Assim que os automóveis passaram a vir equipados com autorádios específicos, de série, os manuais começaram a ficar mais grossos. Havia muita coisa nova para explicar, nada a ver com mecânica, mas com utilização de todas as funções disponíveis. E estou a falar apenas dos autorádios, pois quando surgiram os sistemas de navegação, o aumento de páginas tomou proporções incomportáveis. Não era raro ver um porta-luvas completamente cheio só com o manual, que rapidamente passou para o plural. Haver um tomo exclusivamente dedicado ao sistema de informação e entretenimento, passou a ser uma regra.

Manuais XXL

De tal forma que foi preciso encontrar outros locais para guardar os novos manuais XXL. Em prateleiras especialmente concebidas para o efeito e escondidas sob a coluna de direção, ou numa gaveta sob os bancos da frente, ou então junto às ferramentas, sob o piso da mala, ou numa qualquer bolsa ou compartimento, nas paredes da mala. Em muitos casos, simplesmente dentro das bolsas das portas da frente.
Para os construtores, os manuais passaram a ser um problema. Já não era só a questão de os terem que traduzir para todas as línguas dos países onde os seus carros eram comercializados. Por vezes, em Portugal, alguns construtores facilitavam a mandavam dentro dos carros a versão do manual em espanhol, até serem obrigados por lei a fornecer uma versão em português.
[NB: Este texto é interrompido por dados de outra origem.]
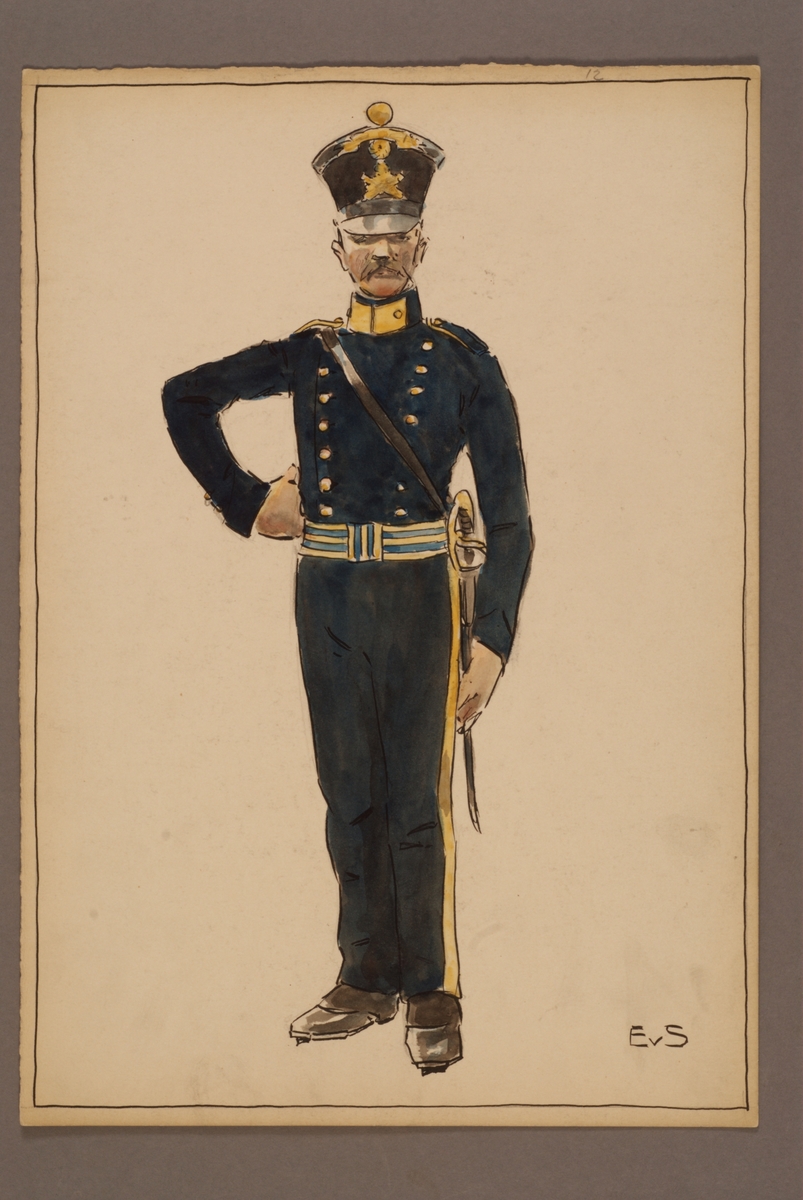Plansch med uniform för tygstatskompaniet vid Svea regemente, ritad av Einar von Strokirch.
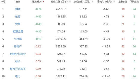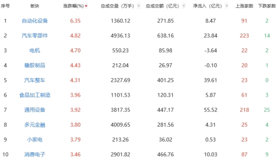 板块方面,自动化设备、汽车零部件、电机、橡胶制品、汽车整车等板块涨幅居前,钢铁、教育、贸易、能源金属、小金属板块下跌。

Era perfeitamente impossível colocar por escrito, num livro de dimensões aceitáveis, todas as descrições e indicações

Mas havia outros problemas a resolver, como manter os manuais atualizados, numa altura em que muitos dos sistemas do carro estavam em constante evolução. Fazer adendas passou a ser comum, bem como manuais complementares, por exemplo para as versões desportivas de um dado modelo.
Quando começaram a chegar ao mercado os sistemas eletrónicos de auxílio à condução, as compatibilidades com smartphones e a ligação à Internet, os manuais deixaram de ter capacidade de resposta. Era perfeitamente impossível colocar por escrito, num livro de dimensões aceitáveis, todas as descrições e indicações de funcionamento de todos os sistemas a bordo. Aparecerem os folhetos de consulta rápida, só com o essencial de alguns dos sistemas mais novos e desconhecidos do condutor comum.
Os manuais, começaram então a migar.No princípio para dentro dos próprios sistemas de infotainment, onde podem ser consultados, desde que não seja para perceber a razão do sistema de infotainment não estar a funcionar… Depois passaram mesmo para os sites das marcas na Internet, onde podem ser consultados através dum smartphone, desde que no cimo da serra haja rede, quando alguma coisa no carro deixa de funcionar.

Estão a desaparecer

Os manuais começaram assim a ficar outra vez mais pequenos e mudaram de nome para “guias” do proprietário. Trazem apenas a informação essencial para utilizar as funções mais necessárias num carro, em tudo o resto, os guias remetem para a consulta do manual no tal site da marca, por exemplo.
Conhecida que é a aversão de muitos condutores em folhear um manual convencional, a consulta online acaba por ser a maneira mais prática de tirar alguma dúvida sobre a utilização do carro. Além de que representa mais uma economia não desprezável para os construtores de automóveis, pois a redação, tradução e produção de um manual de centenas de páginas é um custo a ter em conta, sobretudo para uma “obra literária” que raramente será lida.

Conclusão

Por isso, já sabe, se for à procura de alguma coisa no manual do proprietário do seu novo carro e não encontrar, leia com atenção as páginas iniciais e nelas vai encontrar o endereço do site da internet onde pode encontrar o manual do proprietário em versão completa.
Foi isso que fiz para tirar uma dúvida sobre um carro que estava a testar e encontrei o manual do proprietário, com nada menos do que 848 (!) páginas e mais três outros manuais temáticos: sistema de som, sistema de navegação e condução off-road, todos com centenas de páginas. No digital, não há limites.